Further information on such a conventional protocol is described in “A self-managed distributed channel selection for WLANs” by D. J. Leith, P. Clifford, 4th IEEE International Symposium on Modelling and Optimization in Mobile, Adhoc and Wireless Networks, pages 1-9, 2006.
Devices operating according to these protocols in the ISM band generally operate at low transmit powers (up to 100 mW in the UK and Europe and 1 W in the United States) and use the same air-interface standard. WSDs, on the other hand, will likely use different transmit powers. For example, devices using the emerging IEEE 802.11af standard will typically use 100 mW (EIRP) or lower, whilst devices using the IEEE 802.22 standard (or LTE or WiMAX) for rural broadband access may use up to 4 W (EIRP). Furthermore, low power devices generally use omnidirectional antennas whereas high power devices tend to use directional antennas. Referring to FIG. 1, modelling of the conventional WiFi adaptive channel selection algorithms suggests that, as more high power devices enter a wireless network, the average interference actually increases.
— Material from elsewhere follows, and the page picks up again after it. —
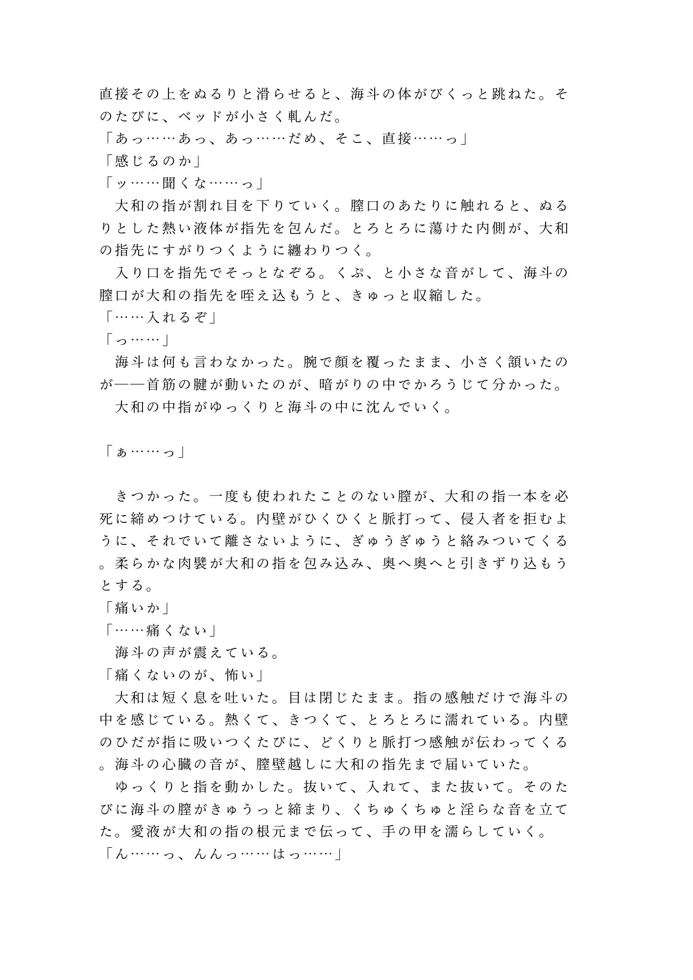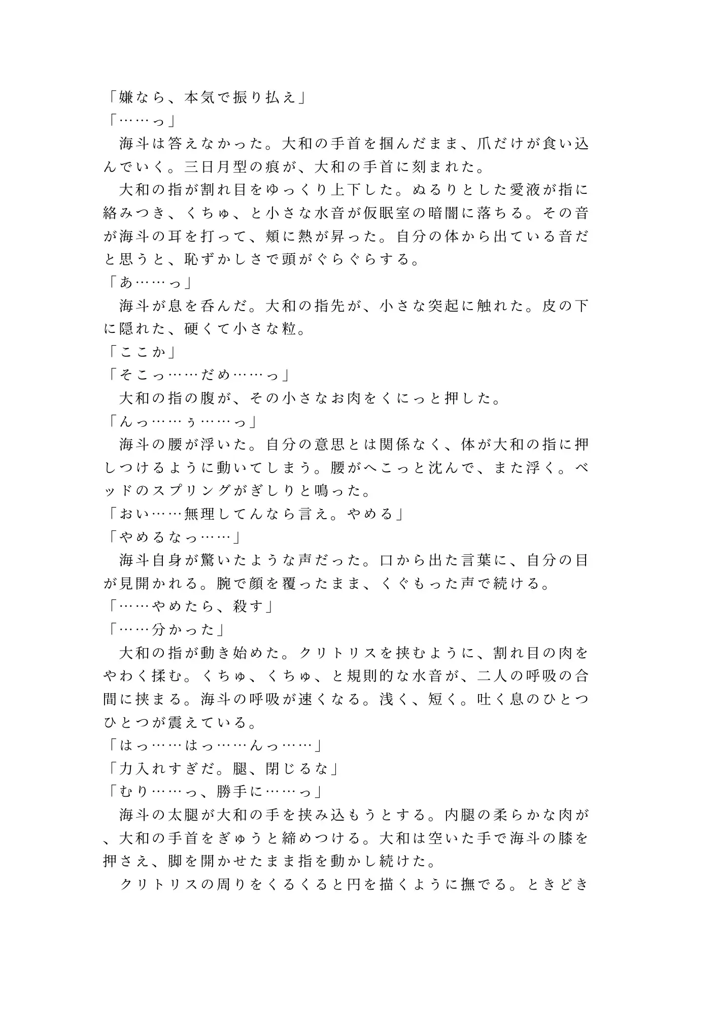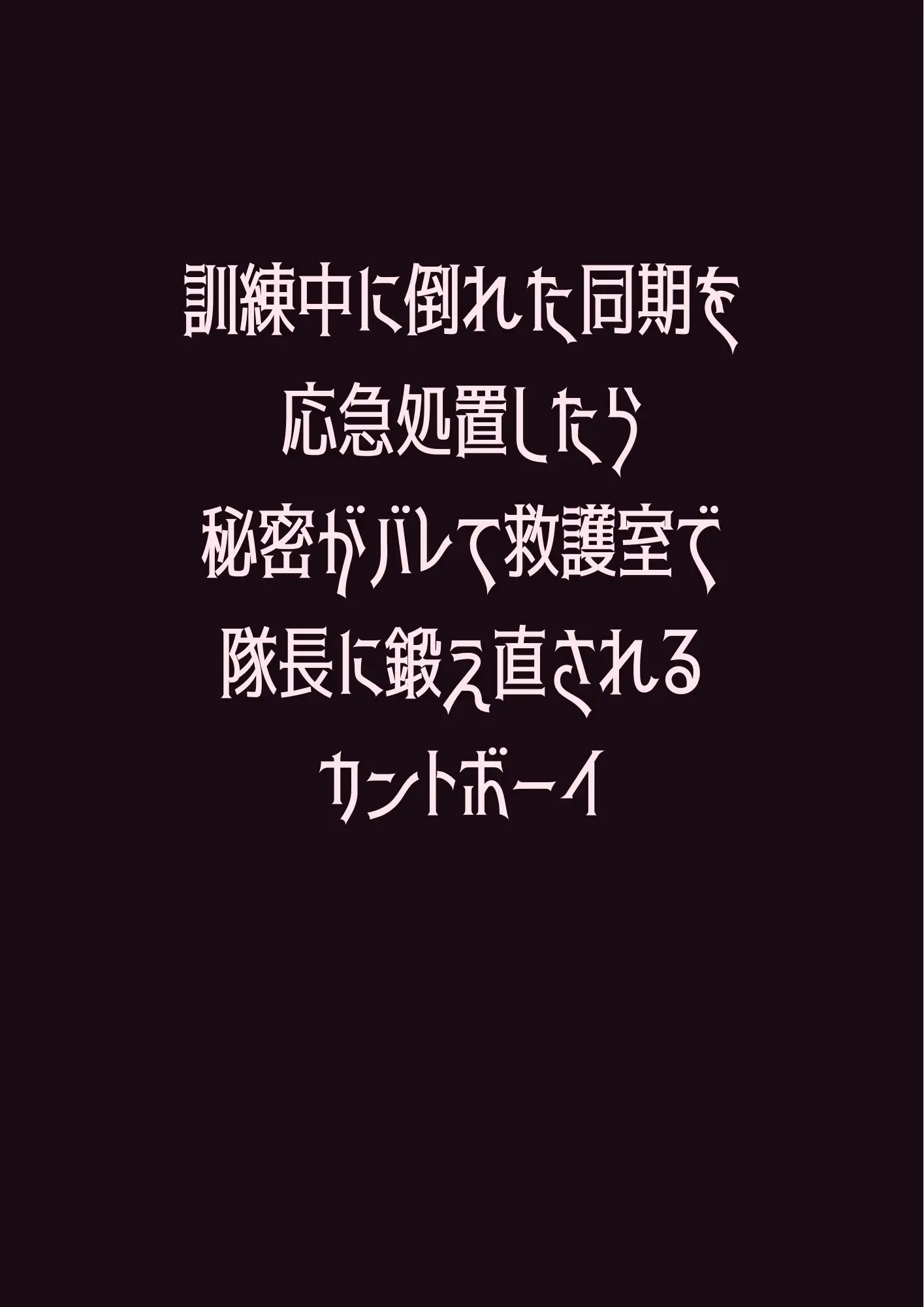 風呂場の見張り、消灯後の気配、訓練で背負われたときの心音。二人だけの共犯関係は、やがて海斗の体を目覚めさせていく。一度も使われたことのない場所が、大和の指先で初めて熱を知る。「やめたら、殺す」——プライドも理性もかなぐり捨てた海斗の懇願が、仮眠室の暗闇に溶けていく。

Even introducing a small number of high power devices has a detrimental effect. The same problem is found to occur if, instead of using different transmit powers, some WSDs use directional antennas whilst others use omnidirectional antennas.
The reason for this effect is likely due to the asymmetrical nature of interference between low and high power devices (or devices having directional and omnidirectional antennas).
Furthermore, WSDs will likely use different air interface standards (WiFi, LTE, MiMAX, Weighless). Conventional WiFi adaptive channel selection and CSMA-CA methods were not developed to operate in the heterogeneous network scenarios envisaged for TVWS.